My mother would happily spend hours of summer here with us, looking out for ships in the distance. She’d point out the protective beam of light spilling onto the sea, and how the angry waves would beat off the rocks but the lighthouse would still stand tall and strong, guiding the boatmen and looking after itself always. We’d try to spot dolphins. We’d take solace in the wild, northerly point that made us feel on top of the world.
George puts his head in his paws, not bothering to budge when I throw a stick for him.
‘You are the laziest dog in the world, you know that,’ I tell him. ‘But I wouldn’t change you. Do you know how special it is here, George?’
George tilts his head and gives out a squeaky groan which makes me want to scratch his ears as I tell him the story of the shipwreck, just as my Granny Molly told me time and time again.
I stare out at the lighthouse and the wild waves that crash below it. Everything around it is, as always, chaotic and turbulent, yet it stands so serene and strong with its light shining from within, giving guidance where it’s needed, just as my mother used to tell me.
It’s only been a few months since I saw her last but I miss her so much right now that my heart aches, and I know that she’s longing to have me home for Christmas.
But I don’t want to ruin her Christmas. I don’t want to take away her joy of this time of year, a time that until three years ago was always filled with celebration and family love.
I’m giving this time of year back to them all by staying out of their way.
I close my eyes, letting the blustering wind take my breath away, and I do my best to ignore the tears that stream down my face. I seem to have cried a lot since I got here, with both physical and emotional pain, but maybe that’s what I need. Maybe I need to let it all out instead of swanning around Dublin like I’m the woman who has it all.
George cuddles in by my side, which ironically makes me feel even more alone. I have so many missed calls from my mum. I have ignored calls from my dad, but he can barely speak to me in person any more, so why is he putting himself out to call me on the phone? I know he blames me for Michael’s accident as much as I do myself. He adored Michael.
I have voicemail messages from them all which I simply can’t listen to. I have texts from my sister, but I can’t bring myself to read them as Christmas comes closer. I desperately want to run to them, but I need to stay away from them for all our sakes.
I imagine them calling and calling me. I wonder when they’ll give up trying, when they’ve heard my faux-happy message more times than they need to.
Hi, you’ve reached Rose. George and I have left the bright lights of Dublin for Christmas, but we’ll be back in action in the New Year. Have a good one! Go easy on the turkey!
But no one apart from Carlos knowswherewe are this Christmas. No one knows that our destination is so close to home, yet far away enough to keep me invisible. No one knows that I’m in this majestic place that was once my playground when I was a little girl, where I was always reminded of how wonderful our world is.

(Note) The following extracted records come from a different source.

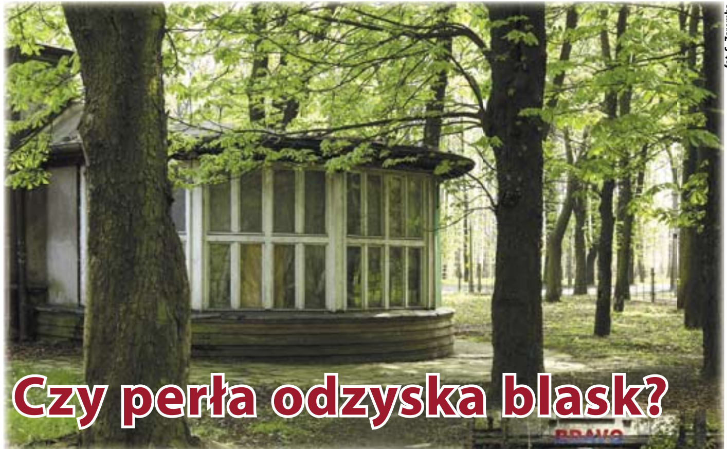
fol. S. Zaremba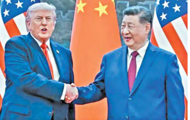
గురువారం జింగోలో చైనా అధ్యక్షుడు జిన్ పింగ్ తో భేటీ అయిన డోనాల్డ్ ట్రంప్

ప్రభాతవార్త ప్రధాన ప్రతినది, హైదరాబాద్, మే 14: కేంద్ర ఎన్నికల సంఘం ఓటిల్ల జాబితా ప్రత్యేక సవరణ (ఎన్ఎలెఆర్-సర్) మూడో దశకు సంబంధించి కీలక ప్రకటన వెలువరించింది. ఆంధ్రప్రదేశ్, తెలంగాణ సహా 16 రాష్ట్రాలు, మూడు కేంద్రపాలిత ప్రాంతాల్లో మే 30 నుంచి దశలవారీగా చేపట్టనున్న గురువారం తెలిపింది. ఢిల్లీ, ఒడిశా, అంధ్రప్రదేశ్, అరుణాచల్ ప్రదేశ్, హర్యానా, చండీగఢ్, తెలంగాణ, పంజాబ్, కర్ణాటక, మేఘాలయ, మహారాష్ట్ర, రూరల్, నాగాలాండ్, త్రిపుర, దాద్రా-నగర్ హవేలి, డామన్ డయ్యూల్లో మూడో దశ ఎన్ఎలెఆర్ ప్రక్రియ జరిగనుంది. >>2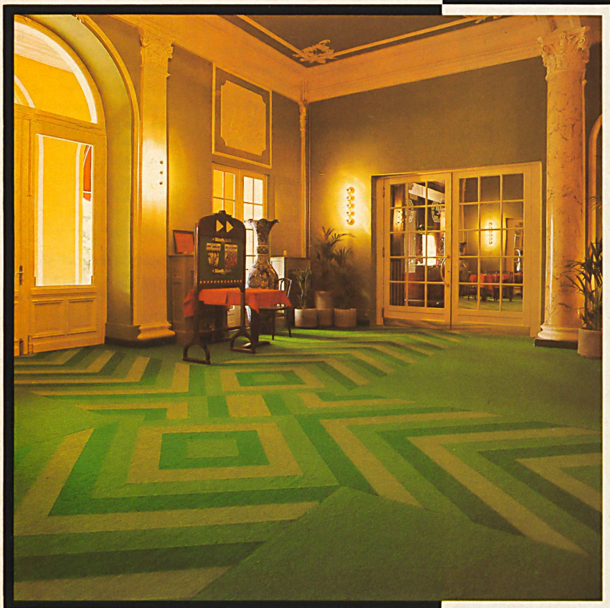
Reinwollbouclé/ Bouclé pure laine/ Pure wool bouclé/ Bouclé di pura lana

Mit dem neugeschaffenen Slogan «Renovieren statt demolieren» werden die Architekten heute immer mehr mit sehr unterschiedlichen Aufgaben betraut, die von ihnen oft viel Einfühlungsvermögen in den Baustil früherer Epochen verlangen. Gerade wenn es darum geht, alte, öffentliche Gebäude, Hotels oder ähnliche Objekte umzubauen oder deren Innen-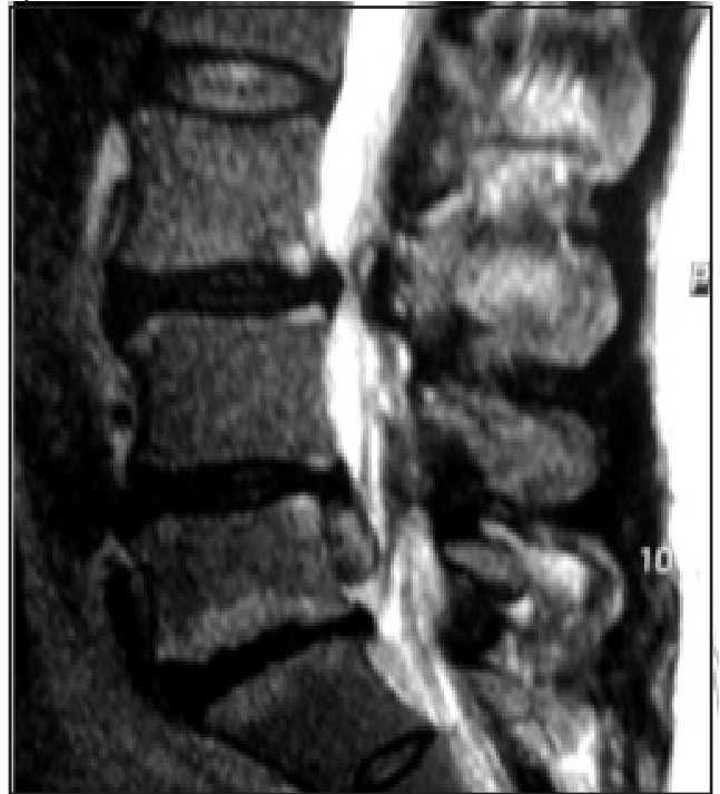
Fig. 1. IRM: voluminoso fragmento discal extruido, migrado y descendente L4/L5 derecho.

Al reintegrarse a los 2 meses a su actividad laboral, aparecieron los mismos síntomas. Recibió tratamiento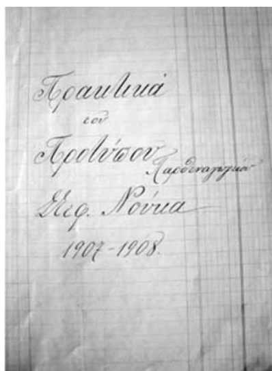
Εικ. 10. Η πρώτη σελίδα του νπ' αριθμόν 5 κώδικα. The first page of the code number 5.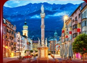
เที่ยวย่านเมืองเก่า อินส์บรุค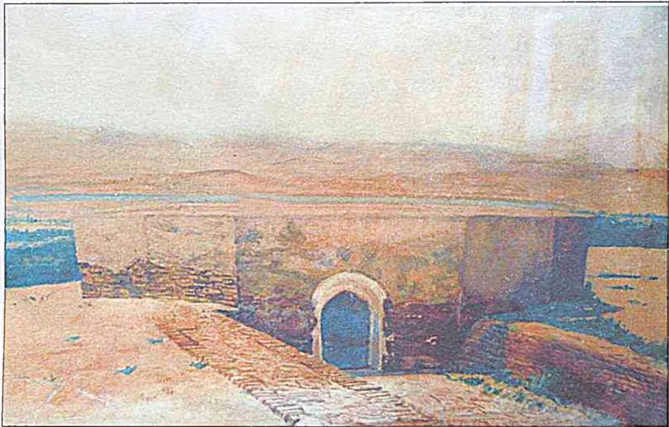
Bəhrüz Kəngərli : “Nuhun türbəsi” tablosu, 1916

Now, with six sleeps until the biggest family day of the year, I still don’t know if I’m doing the right thing by choosingto spend Christmas alone. I don’t know if by coming here I’m taking steps forward or taking steps backwards in time. The wind catches my throat and I gasp back tears of regret and sorrow for how it’s all turned out.

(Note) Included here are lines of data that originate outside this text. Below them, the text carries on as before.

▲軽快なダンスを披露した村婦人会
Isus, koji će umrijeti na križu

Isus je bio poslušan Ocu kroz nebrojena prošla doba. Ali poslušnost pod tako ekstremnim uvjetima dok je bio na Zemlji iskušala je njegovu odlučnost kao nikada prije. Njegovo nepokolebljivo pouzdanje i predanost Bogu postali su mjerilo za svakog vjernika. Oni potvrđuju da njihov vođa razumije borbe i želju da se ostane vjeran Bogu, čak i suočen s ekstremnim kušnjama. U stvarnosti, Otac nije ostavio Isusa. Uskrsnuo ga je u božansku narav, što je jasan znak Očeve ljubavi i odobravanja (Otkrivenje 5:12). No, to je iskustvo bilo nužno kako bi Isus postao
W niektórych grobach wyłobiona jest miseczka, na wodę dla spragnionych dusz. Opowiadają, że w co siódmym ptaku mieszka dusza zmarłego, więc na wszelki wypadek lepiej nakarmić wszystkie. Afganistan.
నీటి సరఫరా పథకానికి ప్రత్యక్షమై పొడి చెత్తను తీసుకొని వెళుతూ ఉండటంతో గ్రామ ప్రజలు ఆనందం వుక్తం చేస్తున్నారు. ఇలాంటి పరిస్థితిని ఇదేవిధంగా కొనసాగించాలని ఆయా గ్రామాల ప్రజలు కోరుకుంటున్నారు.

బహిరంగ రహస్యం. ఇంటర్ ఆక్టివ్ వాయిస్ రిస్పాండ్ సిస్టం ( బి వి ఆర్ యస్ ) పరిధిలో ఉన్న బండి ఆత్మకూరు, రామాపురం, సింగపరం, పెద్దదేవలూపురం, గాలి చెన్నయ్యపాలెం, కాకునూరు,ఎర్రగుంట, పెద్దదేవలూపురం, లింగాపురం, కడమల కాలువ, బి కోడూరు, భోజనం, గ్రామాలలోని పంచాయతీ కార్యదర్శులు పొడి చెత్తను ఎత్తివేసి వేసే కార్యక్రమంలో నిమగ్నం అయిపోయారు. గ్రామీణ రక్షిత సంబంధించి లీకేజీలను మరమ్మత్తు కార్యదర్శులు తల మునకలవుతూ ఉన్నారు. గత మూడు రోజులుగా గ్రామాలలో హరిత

I shake my head into the blustering clifftop wind, trying to erase the darkness that comes towards me now like a freight train. I hear Michael laughing again, that night when he picked me up on Christmas Eve to come here.
I hear the sound of Slade on the radio, I smell the smoky scent of the second-hand car he’d recently bought and I feel the sense of dread scoop out the pit of my stomach as I anticipate the moment we were heading towards.
He wouldn’t tell me where we were going. He’d only say it was the end of one chapter in our lives and the beginning of the next one.
But that chapter was the end of Michael’s story.
As if in slow motion, I see my hand reach over to hold his. I see his eyes look down at our hands for just a split second.
I cover my ears now as the inevitable crash of metal comes back to me so clearly that it crushes my eardrums. My head bangs from side to side off the window, off Michael, off the window again. I’m reliving the horror once more in the sickening technicolour I haven’t seen in so long. I smell burning. I hear glass smashing, the crunch of metal on metal, the rattle of my brain as we tumble to our destiny.
To Michael’s destiny.
To mine too.
I distracted him. What if … ?
‘Are you out there, Michael?’ I shout out as loudly as I can towards the water below me. ‘I just wish I could hear your voice one more time.’
It’s so windy and the rain is pouring down now, so no one can hear me, not that I’d even care. Not that there’s anyone else around.
‘I’m so sorry, Michael. I’m so sorry we didn’t get to make all our dreams come true.’
I try to stop my tears with the back of my hand. I fall to my knees and I sob into the rain.
What was I thinking?
I should never have come here. It’s too painful.